Conversely, submitting a stack of documents for a Health Information Claim is unnecessary and will not increase the $165.00 payment. Match your documentation to the specific tier you are claiming, and do not assume the administrator will sort it out on your behalf. For questions or issues, the settlement provided a toll-free number at (833) 621-5792. A less obvious risk involves the monitoring benefit. Enrolling in the five years of Privacy & Medical Shield plus Genetic Monitoring is separate from filing a cash claim, and failing to opt in means losing a valuable layer of ongoing protection for your genetic data. Given that genetic information cannot be changed like a password or credit card number, this monitoring component may actually hold more long-term value than the cash payment for many claimants.
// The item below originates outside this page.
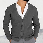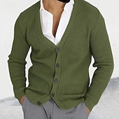 More information about Men's Cardigan Sweater Cropped Sweater Knit Sweater Ribbed Knit Regular Tops Buttons Plain V Neck Fashion Classic Vacation Daily Wear Clothing Apparel Fall Winter Black Military Green M L XL

How 23andMe’s Bankruptcy Affected the Settlement
The settlement’s path to approval was unusual. 23andMe filed for Chapter 11 bankruptcy in March 2025, which in many cases would have killed a pending class action settlement. Instead, the bankruptcy proceedings actually increased the total fund from $30 million to $50 million as freed assets became available. A nonprofit led by former CEO Anne Wojcicki purchased the company for $305 million in July 2025, and the settlement survived the entire process, receiving final approval from U.S.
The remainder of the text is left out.